Marie flieht nach einem Schicksalsschlag , der ihre Welt ins Wanken gebracht hat, aus Paris ohne konkretes Ziel. Im Zug trifft sie zufällig die 77jährige Jonina, die ihr zuhört und sie in ihr Heimatdorf Redu einlädt. Marie fasst Vertrauen und kommt mit. Das Bücherdorf Redu liegt in den Ardennen und seine Beschreibung klang in meinen Ohren märchenhaft. Die Bewohner nehmen sich die Zeit, die sie brauchen. Es gibt zum Beispiel jemanden, der Papier herstellt . ohne sich Gedanken um Gewinn zu machen und sich einfach über sein Arbeitsergebnis. Das Leben läuft in ruhigen Bahnen. Dazu trägt bei, dass es kein Internet gibt und kaum Verkehr. Nur zweimal im Jahr erwacht das Dorf mit seinen 13 Buchhandlungen aus seinem Dornröschenschlaf. Zum Fest der Bücher an Ostern und der Nacht der Bücher im Sommer fluten Touristen den beschaulichen Ort. Auch Marie lässt sich treiben und unternimmt lange Spaziergänge mit der Hündin Anneliese. Sie lernt die Stille der Natur kennen und schätzen. , begeistert sich für den Nachthimmel mit seinen Sternen und erlebt bewusst das Erwachen der Natur im Frühling. Marie und Jonina haben eine enge Bindung, die durch lange Gespräche über das Leben und Bücher verstärkt wird. Als Jonina aus heiterem Himmel Redu verlässt, lernt sie Mathilde näher kennen . Die beiden werden enge Freundinnen und geben sich gegenseitig Halt

Mich hat das Buch sehr berührt und zum Nachdenken gebracht. Für mich ist Redu ein Synonym für all das, was unser Leben bereichern und glücklicher machen kann und was wir all zu oft vergessen. Es ist eine Freude zu lesen, wie Dorfbewohner sich umeinander kümmern und die Freundschaft zwischen Marie und Mathilde den beiden hilft, Schmerz zu verarbeiten. Es reicht zuzuhören, ein Lächeln zu schenken oder einfach gemeinsam zu schweigen.
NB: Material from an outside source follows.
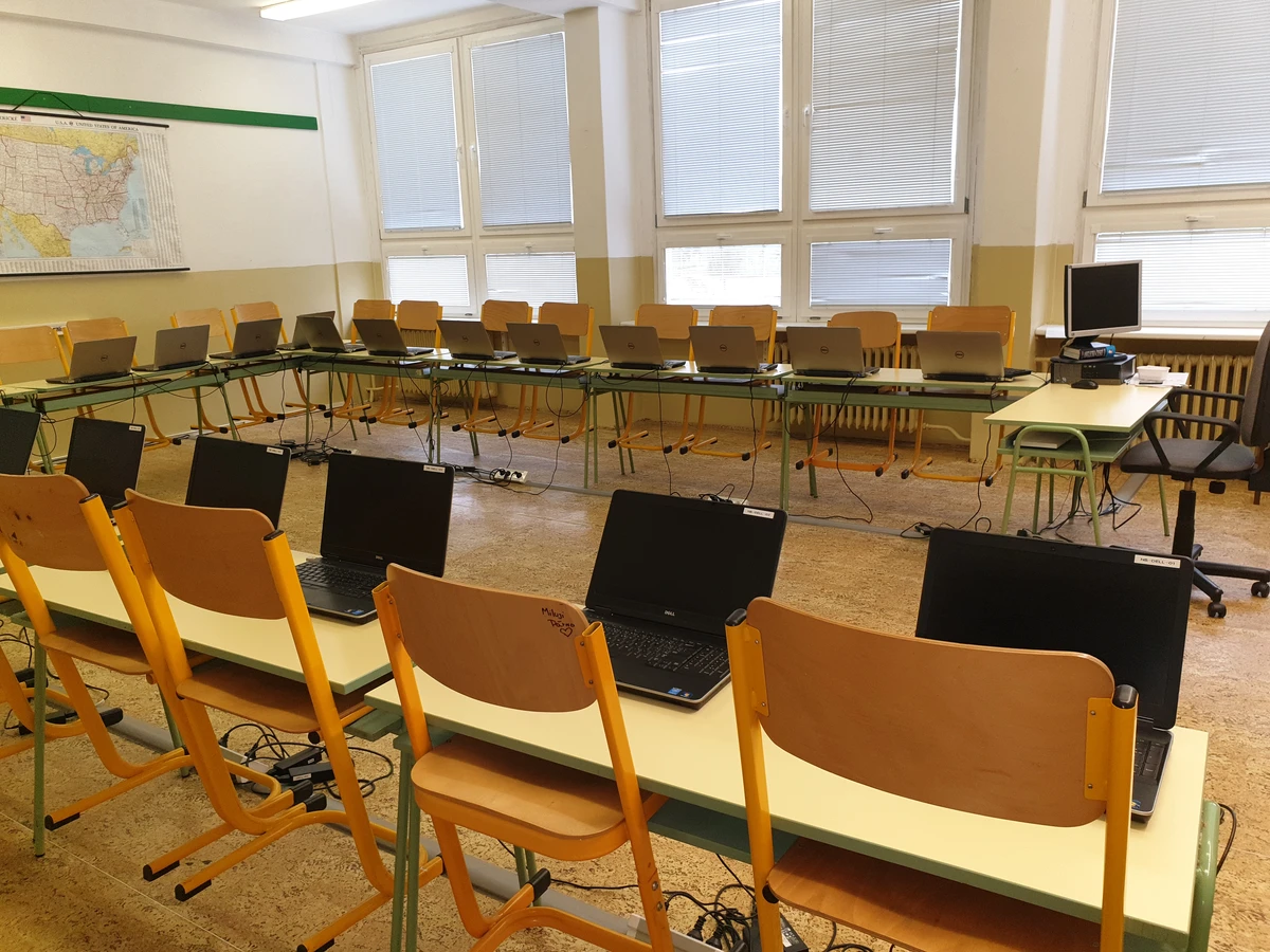 Naše jazykové učebny jsou specifické svým uspořádáním lavic do „U“, což umožňuje perfektní interakci jak mezi žáky a vyučujícím, tak i mezi žáky samými. Toto uspořádání napomáhá různým činnostem, mimo jiné i konverzacím. V učebně anglického jazyka jsou navíc k dispozici pro všechny žáky notebooky, které žáci mohou použít k různým aktivitám, např. při hraní Kahootu či vyhledávání informací.

Mich persönlich haben die Beschreibungen der Natur besonders angesprochen. Wie man Hektik und Stress hinter sich lassen kann, wenn man einfach mal den Blumen beim blühen zuschaut., sich über den Gesang der Vögel freut. Im Grunde sind es banale Dinge, die man wahrscheinlich deshalb oft vergisst. Gut, dass der Autor mich daran erinnert hat. Was mich ein wenig gestört hat, Probleme, die zu unserem Alltag leider gehören, gibt es in Redu nicht . Trotzdem wäre es sicher nicht schlecht, ein wenig Redu zu wagen.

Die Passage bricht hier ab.